I was able to pick them up at my local RV dealer, have you tried there?


----------



## Chestnut (Aug 21, 2006)

keeper18 said:


> Auto parts store. Get the Jeep hood latch ones. They are bigger and stronger and will not break.


This sounded like such a great idea! One of our latches is already broken. I stopped by the auto parts store today and asked for them and they looked at me like I had two heads. Maybe because when they asked me what year Jeep I had I told them I didn't have a Jeep.

After much conversing amongst themselves, they told me I can only get something like that from Jeep directly.









Jessica


----------



## Rubrhammer (Nov 27, 2006)

Just did that a couple of weeks ago. Got new ones from a Keystone dealer.
http://www.outbackers.com/forums/index.php...c=17412&hl=
Bob


----------



## Thor (Apr 7, 2004)

I found them at a local discount auto supplier "Princess Auto" They are a couple of bucks and come in a pkg of 2. The local dealer wanted over $20.

Thor


----------



## Oregon_Camper (Sep 13, 2004)

Thor said:


> I found them at a local discount auto supplier "Princess Auto" They are a couple of bucks and come in a pkg of 2. The local dealer wanted over $20.
> 
> Thor


Man....talk about highway robbery.


----------



## Scoutr2 (Aug 21, 2006)

Take a look here: Velcro Mod for Cowl

I lost two of these T-handles in the first four trips - no more than 500 miles. This inexpensive and easy fix (link above) has held my cowl rock solid for two months now, over three trips totaling about 4000 miles. And I haven't had one of those rubber T-handles break, ever since.

Mike


----------



## Thor (Apr 7, 2004)

Mike

I just noticed your camping map. Awesome
















Thor


----------



## Scoutr2 (Aug 21, 2006)

Thor said:


> Mike
> 
> I just noticed your camping map. Awesome
> 
> ...


Thanks! Most of those states that we've camped in were visited during our pop-up days - nine seasons worth. We could cover much more territory in 2-3 weeks with the pop-up than we can with our Outback. At half the weight and a shorter, lower profile, I hardly knew it was even behind the Suburban!

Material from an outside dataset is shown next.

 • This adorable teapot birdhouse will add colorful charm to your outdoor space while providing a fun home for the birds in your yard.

But the Outback is soooo much more comfortable - and the bed doesn't get wet in the rain when we are packing up camp!

Mike

PS: We've also been to Oregon, Washington, Nevada, Arizona, British Columbia, and Alberta, Canada - but haven't camped there.


----------



## Sayonara (Jul 23, 2007)

sorry to get too far of topic but where do you find the online camping maps?


----------



## map guy (Jan 11, 2007)

Find a trailer supply company that carries Buyers products. Buyers web page here:
Rubber Latch Page

This type rubber latch was used on many pieces of construction equipment and farm tractors. So this might be a source too

Northern Tool Rubber Hood Latch

Map Guy


----------



## campmg (Dec 24, 2005)

The Buyers Products looked perfect but you have to fill out a form to find a distributor. Doesn't look like they sell direct.

I found them at Napa for $8 each.


----------



## map guy (Jan 11, 2007)

campmg said:


> The Buyers Products looked perfect but you have to fill out a form to find a distributor. Doesn't look like they sell direct.
> 
> I found them at Napa for $8 each.


No Buyers is an industry supplier. Look for a truck/trailer/tire supply house.

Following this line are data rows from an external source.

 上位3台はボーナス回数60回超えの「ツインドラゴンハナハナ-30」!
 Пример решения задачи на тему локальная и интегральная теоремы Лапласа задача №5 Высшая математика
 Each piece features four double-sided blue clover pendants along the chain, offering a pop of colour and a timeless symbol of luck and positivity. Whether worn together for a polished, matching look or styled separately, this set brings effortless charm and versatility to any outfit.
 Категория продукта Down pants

Post the Napa part number for others if you still have it!

Map Guy


----------



## campmg (Dec 24, 2005)

NAPA -- I just ordered a couple of these Hood Catch miniture 2 1/2 ". Part number 730-1750. Cost $5.99 each -- comes with the hardware brackets too. I searched the NAPA site to add the link but couldn't find them on there and I checked by name, napa part number, and non napa number.

They're being sent from another local store so I'll pick up tomorrow and head out to the storage lot to make sure they work.


----------